# WORK TASK
Without any pictures, print the lines below from the one that has "Boots RST Atlas" through the one that has "Maryam Zafar, Undercurrents, Just", exactly and nothing else.

# DATA SHOWN
########
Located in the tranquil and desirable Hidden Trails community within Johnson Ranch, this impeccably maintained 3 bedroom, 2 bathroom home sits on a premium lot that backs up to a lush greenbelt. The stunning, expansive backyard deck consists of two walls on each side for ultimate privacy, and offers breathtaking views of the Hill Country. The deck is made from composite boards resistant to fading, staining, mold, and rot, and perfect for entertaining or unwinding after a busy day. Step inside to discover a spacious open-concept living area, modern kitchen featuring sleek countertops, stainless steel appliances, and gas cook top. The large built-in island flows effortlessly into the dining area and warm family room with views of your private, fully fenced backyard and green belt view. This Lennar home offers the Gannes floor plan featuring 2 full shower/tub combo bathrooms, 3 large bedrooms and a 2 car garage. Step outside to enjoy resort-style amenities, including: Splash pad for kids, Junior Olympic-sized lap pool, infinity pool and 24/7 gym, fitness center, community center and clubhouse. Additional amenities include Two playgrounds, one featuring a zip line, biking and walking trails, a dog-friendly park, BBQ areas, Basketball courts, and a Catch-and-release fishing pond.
########
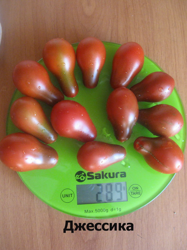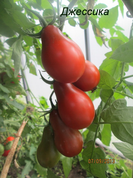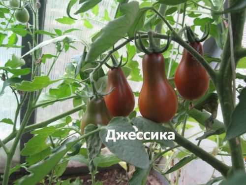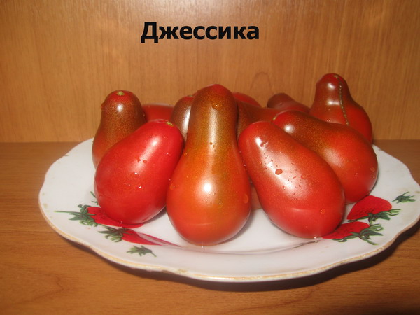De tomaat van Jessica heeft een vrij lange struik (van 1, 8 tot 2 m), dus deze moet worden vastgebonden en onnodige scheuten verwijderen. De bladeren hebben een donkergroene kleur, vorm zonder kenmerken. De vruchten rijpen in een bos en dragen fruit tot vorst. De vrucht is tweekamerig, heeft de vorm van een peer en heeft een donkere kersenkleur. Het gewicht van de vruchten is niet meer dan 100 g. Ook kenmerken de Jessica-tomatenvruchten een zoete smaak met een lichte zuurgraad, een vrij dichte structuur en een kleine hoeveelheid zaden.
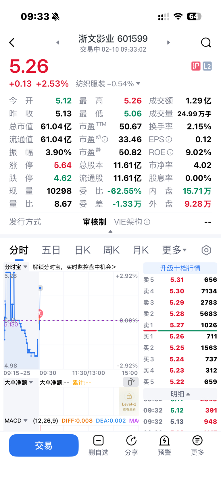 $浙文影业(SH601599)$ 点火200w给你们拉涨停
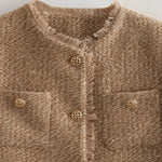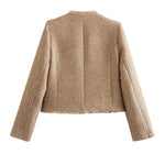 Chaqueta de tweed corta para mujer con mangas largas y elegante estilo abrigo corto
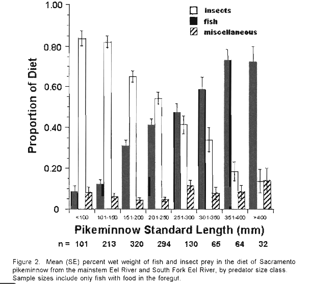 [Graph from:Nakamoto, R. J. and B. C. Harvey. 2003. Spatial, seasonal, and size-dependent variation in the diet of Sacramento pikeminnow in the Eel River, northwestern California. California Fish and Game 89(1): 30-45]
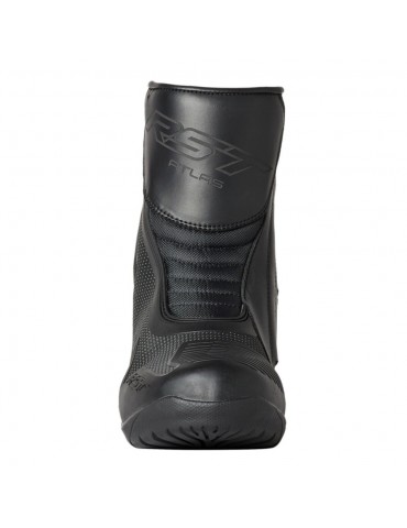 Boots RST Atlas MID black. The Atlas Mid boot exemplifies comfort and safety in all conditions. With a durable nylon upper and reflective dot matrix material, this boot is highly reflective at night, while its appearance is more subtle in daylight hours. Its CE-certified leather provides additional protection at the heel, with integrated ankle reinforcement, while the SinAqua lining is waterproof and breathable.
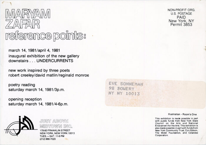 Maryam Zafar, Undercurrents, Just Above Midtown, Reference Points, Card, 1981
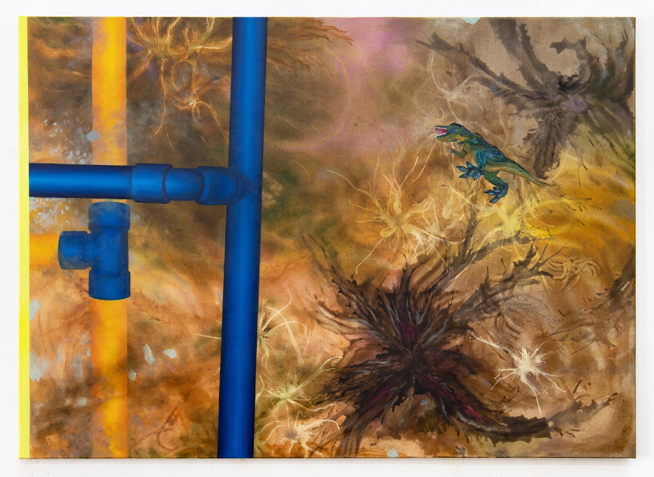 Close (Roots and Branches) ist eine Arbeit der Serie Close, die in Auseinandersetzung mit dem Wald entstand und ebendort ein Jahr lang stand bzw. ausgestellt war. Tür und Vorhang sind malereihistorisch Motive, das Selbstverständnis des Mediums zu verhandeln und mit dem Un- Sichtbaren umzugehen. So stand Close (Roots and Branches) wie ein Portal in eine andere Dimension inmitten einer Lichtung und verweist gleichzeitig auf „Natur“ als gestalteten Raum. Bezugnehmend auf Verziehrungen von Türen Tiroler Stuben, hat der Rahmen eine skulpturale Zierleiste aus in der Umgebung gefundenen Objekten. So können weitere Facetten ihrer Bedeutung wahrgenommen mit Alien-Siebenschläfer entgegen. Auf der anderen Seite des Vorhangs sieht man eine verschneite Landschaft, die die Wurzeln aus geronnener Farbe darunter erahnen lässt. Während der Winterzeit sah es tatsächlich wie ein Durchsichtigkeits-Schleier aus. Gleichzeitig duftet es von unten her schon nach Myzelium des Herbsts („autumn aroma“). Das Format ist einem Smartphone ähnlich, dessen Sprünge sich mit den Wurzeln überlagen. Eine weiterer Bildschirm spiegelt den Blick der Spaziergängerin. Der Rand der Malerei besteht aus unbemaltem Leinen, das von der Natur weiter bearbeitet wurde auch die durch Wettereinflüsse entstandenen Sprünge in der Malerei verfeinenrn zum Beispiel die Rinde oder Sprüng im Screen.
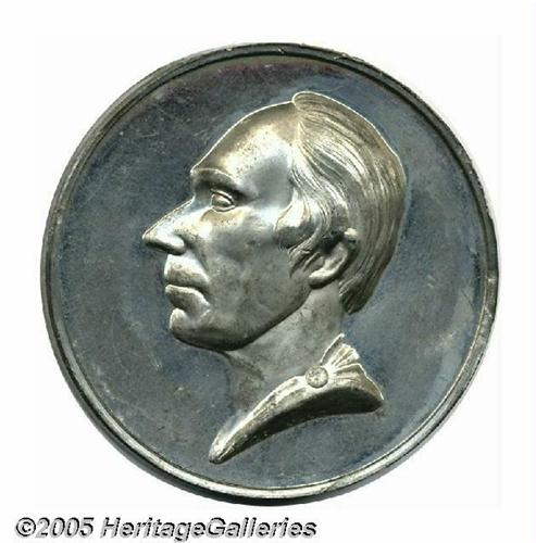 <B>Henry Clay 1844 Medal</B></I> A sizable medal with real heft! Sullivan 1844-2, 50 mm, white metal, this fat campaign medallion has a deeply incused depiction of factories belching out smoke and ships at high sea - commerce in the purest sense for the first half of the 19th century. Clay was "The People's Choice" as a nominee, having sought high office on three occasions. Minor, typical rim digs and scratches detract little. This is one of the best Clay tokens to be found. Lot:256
########
# SOLUTION FOR THIS EXERCISE
 Boots RST Atlas MID black. The Atlas Mid boot exemplifies comfort and safety in all conditions. With a durable nylon upper and reflective dot matrix material, this boot is highly reflective at night, while its appearance is more subtle in daylight hours. Its CE-certified leather provides additional protection at the heel, with integrated ankle reinforcement, while the SinAqua lining is waterproof and breathable.
 Maryam Zafar, Undercurrents, Just Above Midtown, Reference Points, Card, 1981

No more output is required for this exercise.